With math though, some figure there surely must be a way to encompass it. But it turns out that the flaw here is that in discussing math without actually connecting the words to people and things out in the world, it still comes down to sets of assumptions about what you insist the words mean…and are telling us about other words.
Me, I don’t have either the education or background to follow the exchange here with any degree of sophistication at all. Instead, I try to grapple with the implications of an exchange of this sort that can go on this long and still nobody is able to convince everyone else that they do indeed grasp the whole truth.
You know, going back to the whole truth about existence itself. 
You don’t run out of points, that’s for sure. For every point on line (B) there is an odd point on line (A). That’s where we agree. Where we disagree is that this means that (B) is equal in length to (A) with odd points taken out. I insist that it does not.

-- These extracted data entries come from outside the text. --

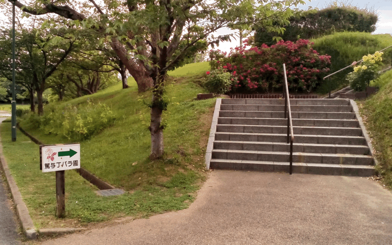 上の写真の風車のような展望台のある場所に「バラ園」はあります。
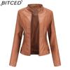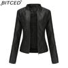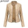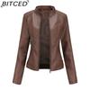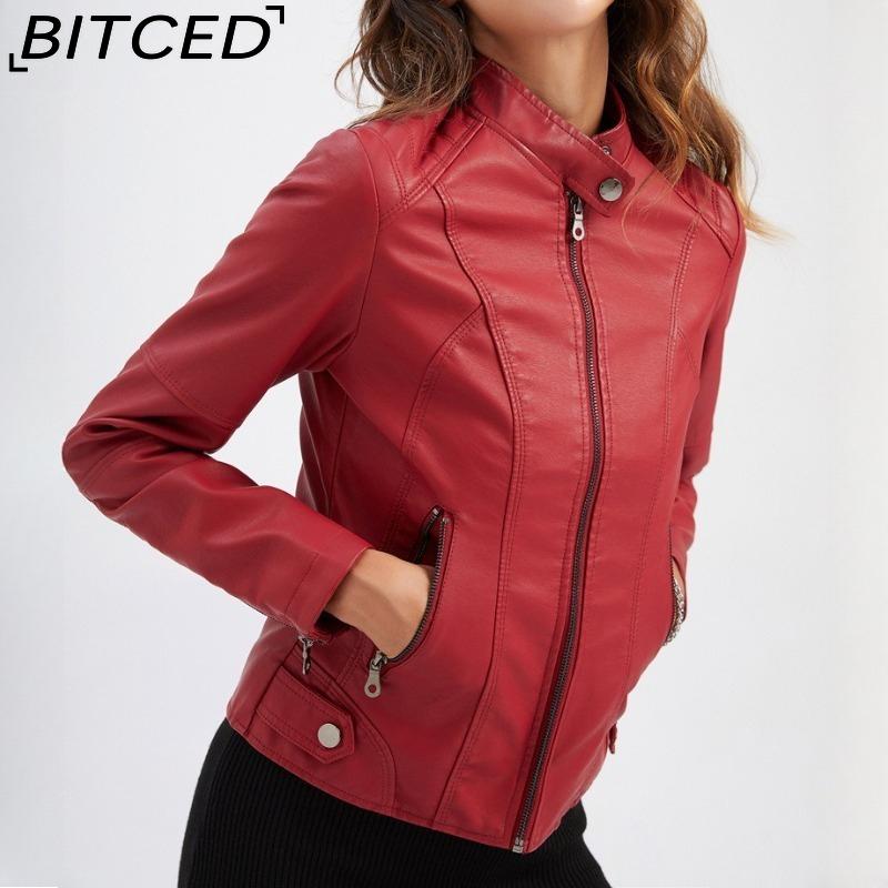 BITCED Women's Slim-Fit Leather Jacket - Lightweight Spring/Autumn Outerwear Motorcycle-Style Oversized Stand Collar Leather Jacket
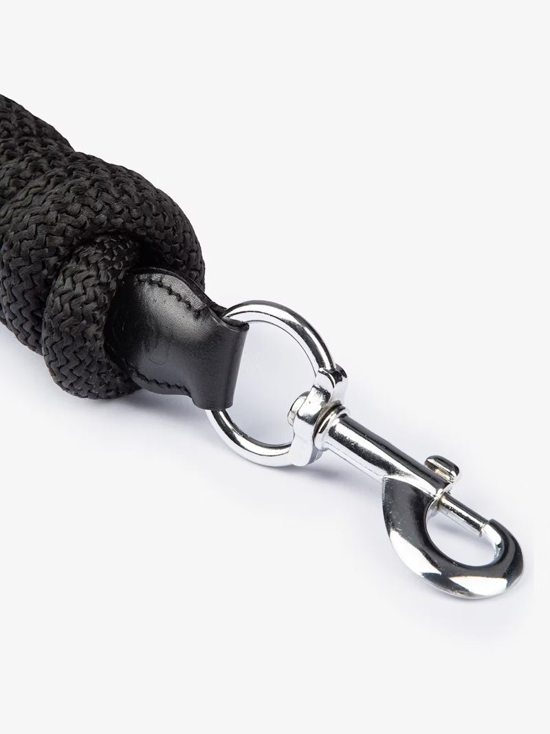 Soft and flexible lead rope in durable polyester reinforced with genuine leather details with debossed PS monogram. Quality metal snap hook for secure lock. Must-have of your horse’s basic equipment when leading your horse. Our lead rope is perfectly matched with our new leather halters.
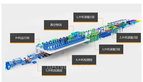 空調外機自動化線主要包含外機裝配1段、外機裝配2段、外機裝配3段、外機檢測段、外機運行檢、外機包裝段和高空物流 七個部分。整個項目;使用機械手100多臺,傳感器5000多個,申請專利近500項。
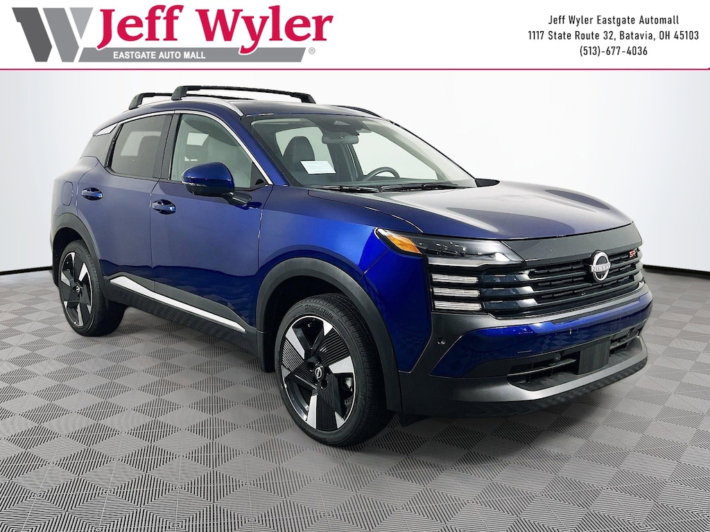 Jeff Wyler Eastgate Auto Mall is honored to offer this superb 2025 Nissan Kicks SR in Deep Blue Pearl. Well equipped with: 17" Alloy Wheels, 19" Alloy Wheels, 4-Wheel Disc Brakes, 6 Speakers, ABS brakes, Air Conditioning, Alloy wheels, AM/FM radio: Sirius, Auto High-beam Headlights, Automatic temperature control, Brake assist, Bumpers: body-color, Carpeted Floor Mats & Underfloor Protector, Crossbars, Delay-off headlights, Door Trim Panel Scuff Plates, Driver door bin, Driver vanity mirror, Dual front impact airbags, Dual front side impact airbags, Electronic Stability Control, Front anti-roll bar, Front Bucket Seats, Front Center Armrest, Front reading lights, Front wheel independent suspension, Fully automatic headlights, Illuminated entry, Knee airbag, Leather Shift Knob, Leather steering wheel, Low tire pressure warning, Occupant sensing airbag, Outside temperature display, Overhead airbag, Overhead console, Panic alarm, Passenger door bin, Passenger vanity mirror, Power door mirrors, Power steering, Power windows, Radio data system, Radio: AM/FM Audio System, Rear anti-roll bar, Rear reading lights, Rear seat center armrest, Rear side impact airbag, Rear window defroster, Rear window wiper, Remote keyless entry, Security system, Speed control, Speed-sensing steering, Splash Guards, Split folding rear seat, Spoiler, Sport Cloth/Leatherette Seat Trim, Sport steering wheel, Steering wheel mounted audio controls, Tachometer, Telescoping steering wheel, Tilt steering wheel, Traction control, Trip computer, Turn signal indicator mirrors, Variably intermittent wipers, and Wireless Apple CarPlay/Wireless Android Auto. Clean CARFAX. Ask about available certifications. Used vehicles 10 years of age or newer with less than 100,000 miles are eligible for the Wyler Assurance Program, but eligible vehicles must pass our reconditioning process and multi-point inspection. Provided the vehicle passes inspection, vehicles will be eligible for the 6 month/6,000 mile limited warranty. The 6 month/6,000 mile limited warranty is NOT available on AS-IS vehicles, wholesale vehicles, lease buyback/pass-thru vehicles or un-inspected vehicles. Note that this program can also apply to vehicles where the remaining factory coverage is less than 6 months or 6,000 miles. Please check the Federal Trade Commission (FTC) Buyers guide on the vehicle for full details as to whether or not warranty coverage may apply. Contact Dealer for additional details. The Wyler Assurance 6 month/6,000 Mile limited warranty ends 6 months from the date of the Retail Purchase Agreement (BUYERS ORDER) or when the vehicle's odometer registers 6,000 additional miles to the mileage listed on the BUYERS ORDER, whichever comes first. Your Deductible - The warranty holder on your contract pays the first $100 of each covered repair.
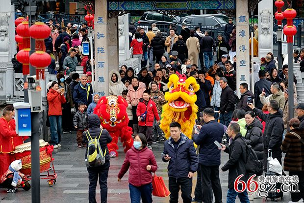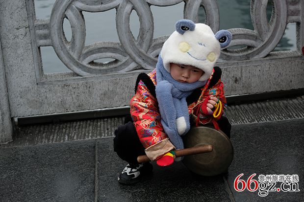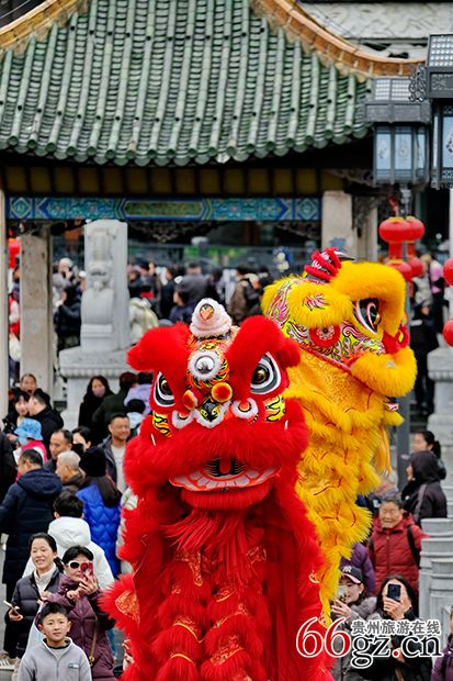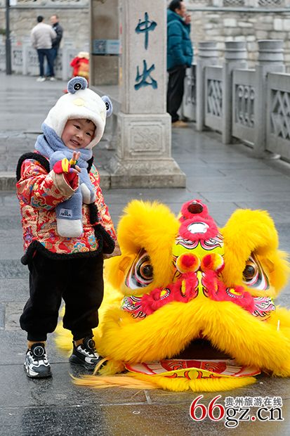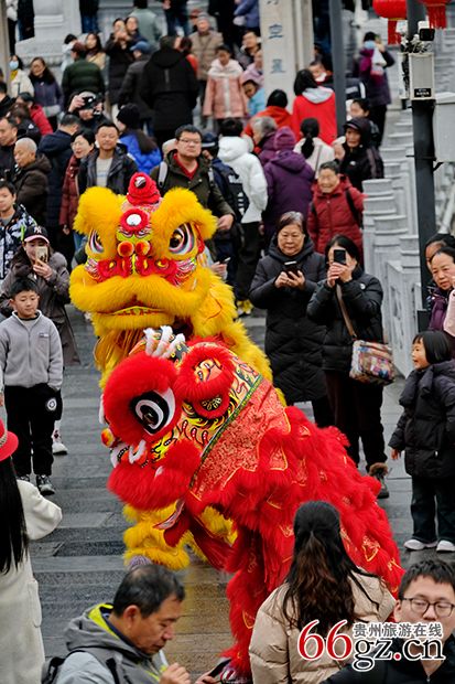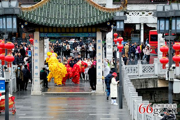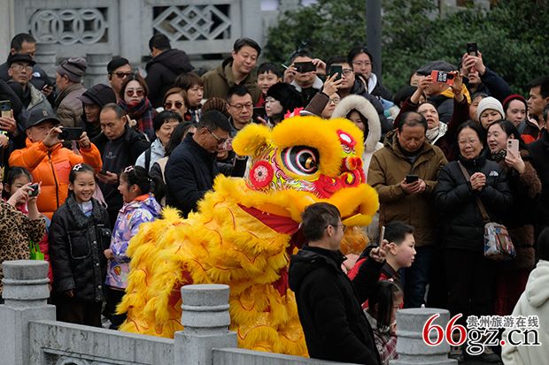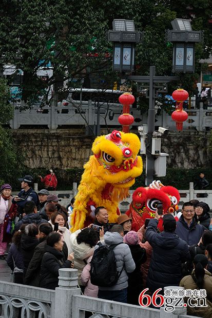 今天是春节假期的最后一天,甲秀楼前的浮玉桥上,人头攒动,一红一黄两头狮子从牌坊下沿浮玉桥一路起舞,踩着鼓点,忽仰忽卧,忽左忽右,蹦蹦跳跳,眼睛忽闪忽闪,好生可人!
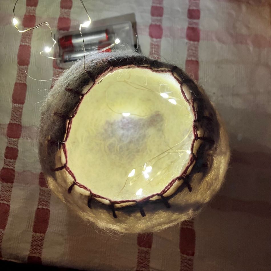Lyktan är cirka 14 cm hög och bredast cirka 16 cm. Den lilla ljuslyktan/vasen väger cirka 30 gram.
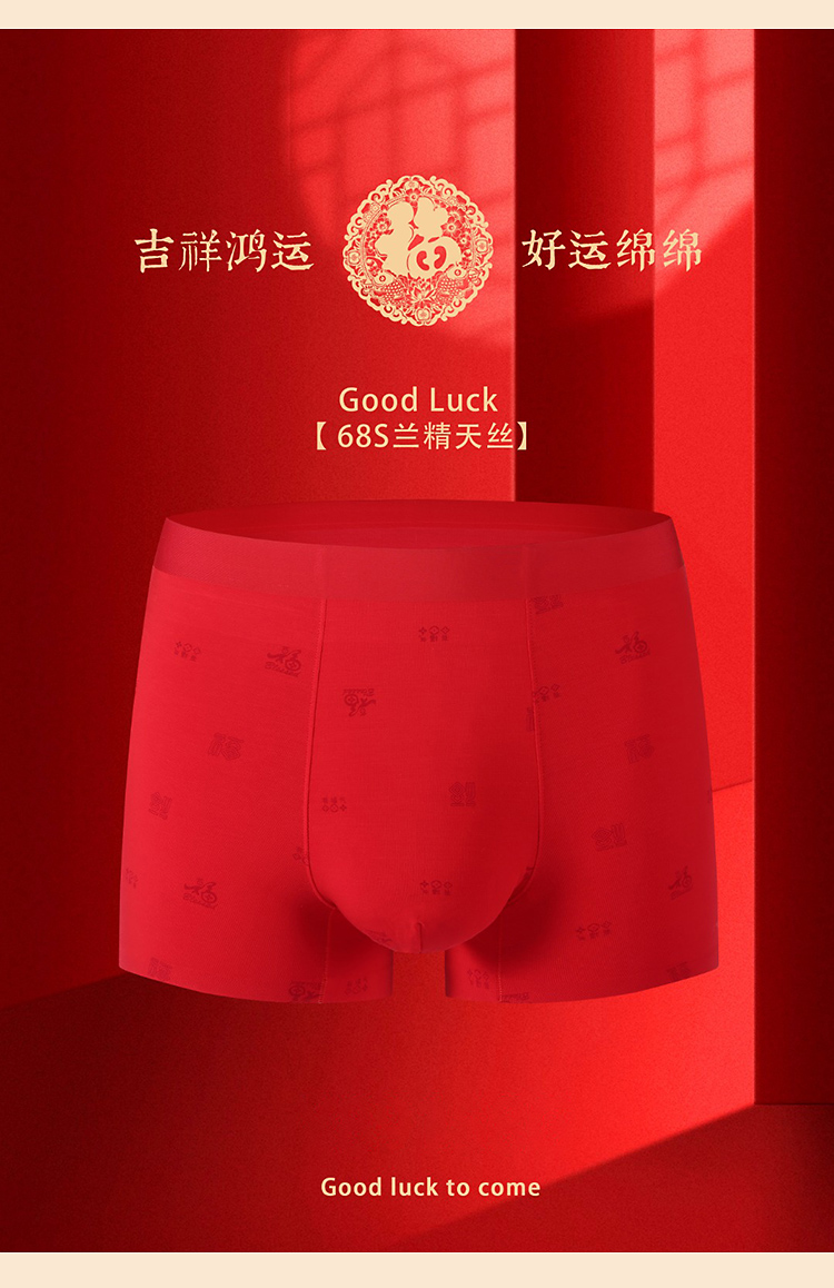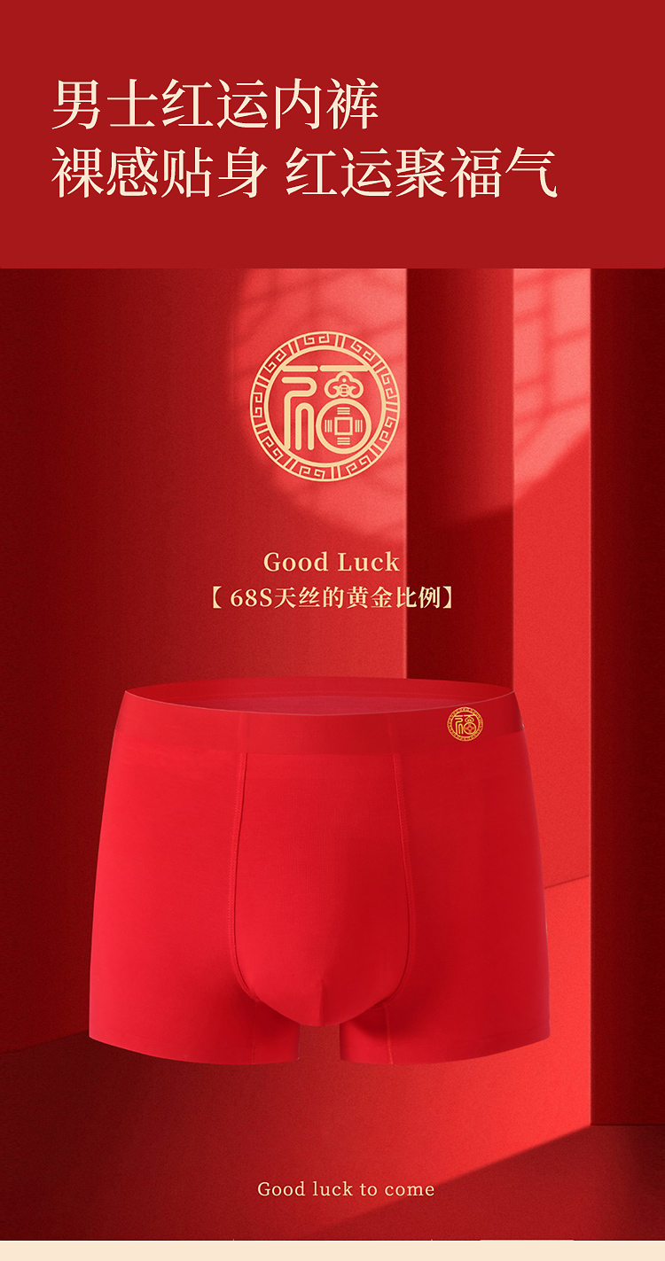 皇家丽美男士红运内裤 68S 天丝桑蚕丝里裆 裸感贴合弹力宽腰红运聚福气平角裤DKN1263&DKN1265
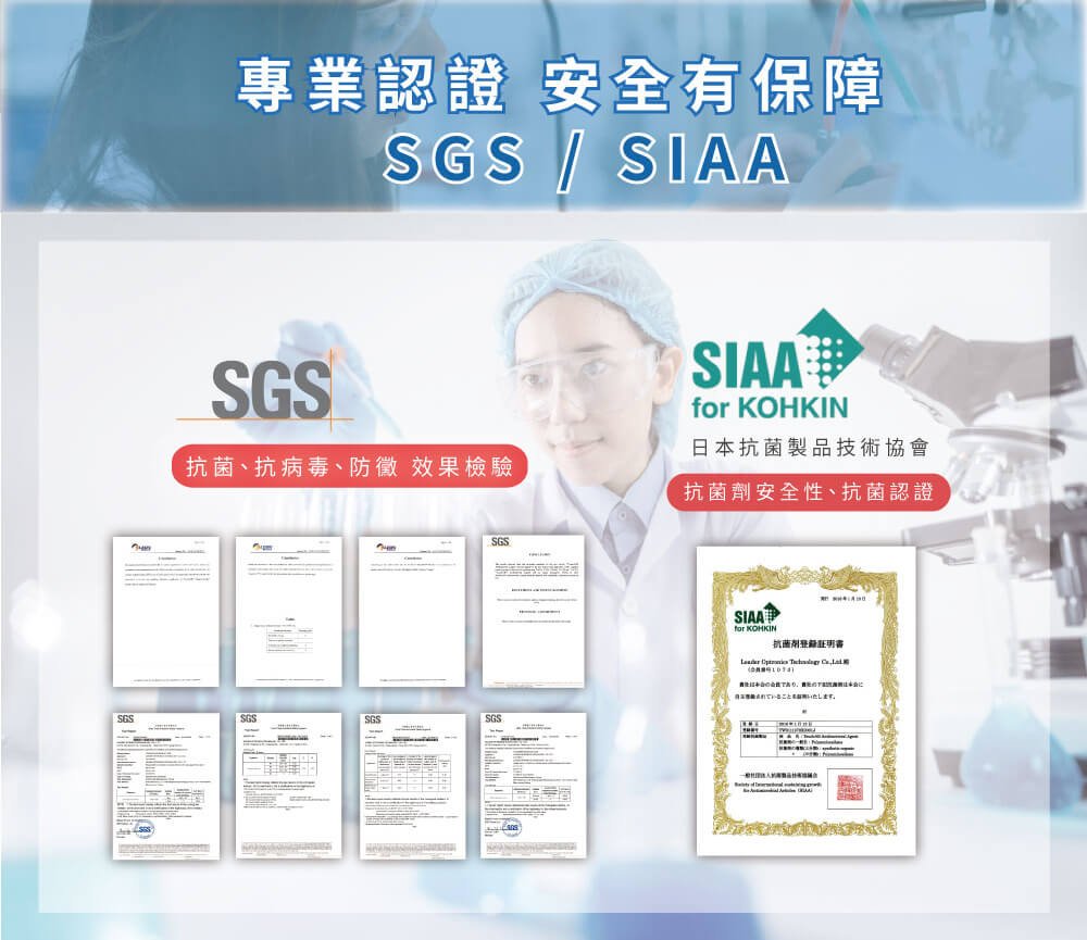 ◆ SIAA(日本抗菌製品協會)安全性認可,0刺激性。
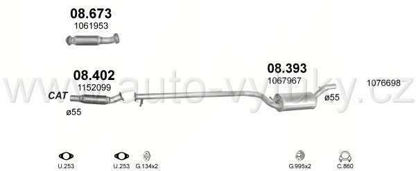 Tlumič výfuku střední , kód: 08.393 Příklad použití: Ford Focus 1.8TD 99-, kódy Bosal Walker aj.: 07.154 14.6091 287-071 288-279 04.103.80 341073... |
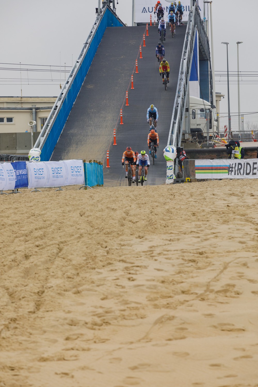 Le Belge Niels Vandeputte était également victime d’un soleil dans la descente du pont, alors que le Britannique Thomas Mein subissait pour sa part le pouvoir de la pluie sur l’escalier prévu en fin de course. Un endroit où Kamp glissait également lourdement en deuxième partie de course. Plusieurs voix se faisaient d’ailleurs entendre sur les réseaux sociaux et le plateau de Sporza, après-course, pour demander un tapis antidérapant sur ces marches devenues patinoire au fil de l’après-midi.
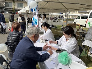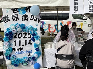 先日、すみれ病院でも、病院周囲で行われた「福祉まつり」に参加し、World Ⅾiabetes Deyの活動として血糖測定や健康相談などを行いました。
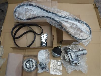 ウォーターポンプ+テンショナー+アイドラー+タイミングベルトも新品交換。
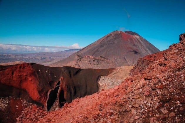 - Mount Ngauruhoe: In clear weather, you’ll be able to see the distinctive form of Mount Ngauruhoe from the start of the hike, but once you’ve cleared the Saddle, it’ll be even more prominent. This is Mount Doom, the same active volcano that was used in the Lord of the Rings movies. There is a detour, which begins at the Mangatepopo Hut, and that will take you up the mountain itself. This is for experienced hikers only and will take at least 3 hours return from the Tongariro Crossing trail.
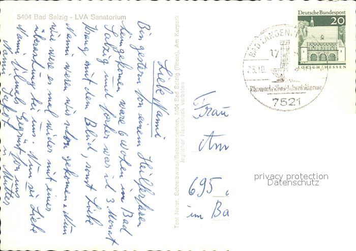 72494198 alte Postkarte Bad Salzig LVA Sanatorium postalisch gelaufen Erhaltung siehe scans KatCode: 11110007140501
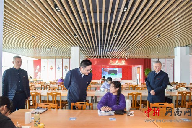 中新河南網(wǎng)12月3日電(谷世飛) 12月2日上午,河南職業(yè)技術(shù)學(xué)院黨委書記厲勵(lì)深入圖書館走訪調(diào)研。校黨委副書記、工會(huì)主席田華,校黨委委員、副校長李玉峰,黨政辦公室、黨委宣傳部、基本建設(shè)處、信息中心、后勤管理處等相關(guān)職能部門負(fù)責(zé)同志一同參加調(diào)研。

Do you think that (A = {1, 2, 3, \dotso}) and (B = {1, 2, 3, \dots}) are giving us enough information to conclude that the two sets are equal in size?
You obviously do. Like Silhouette, you think the two descriptions represent two infinite sets that are equal in size.
But I don’t.
This is evident in the fact that you can specify any kind of relation between the two sets. You can specify bijection but you can also specify injection. It’s an arbitrary decision.
You can say the two lines are equal. Fine. But if you remove one element from (A), you can no longer say they are equal. Indeed, the size of these two sets is no longer an arbitrary decision. So the fact that you can still specify a bijective relation between the two sets proves nothing.
I can say that (x = 3) and (y = 2). These are arbitrary decisions. But the result of their addition, (x + y), is not an arbitrary decision. It’s something that must logically follow from previously accepted premises. If you accept that (x = 3) and (y = 2), and that the operation of addition means what it normally means, then the result of (x + y) cannot be anything other than (5). The fact that you can change your premises (e.g. change (x) to (5)) to get a different result (e.g. (7)) does not mean that that different result is the result to this particular operation. That’s the kind of mistake that you’re making.
Why do you keep ignoring me Magnus ???
Let’s say you have sets:
1,2,3,4,5,6,7…
1,3,5,7,9,11…
In that latter set, that value is larger!!
For example:
0.333…
Is larger in value than
0.111…
My issue with you Magnus is that you consider this an ORDER of infinity, you actually consider one infinity to be larger than another infinity.
The only way you can prove that ! Is to prove non correspondence.
I’m meeting you halfway Magnus
Because I can’t make any sense out of your posts.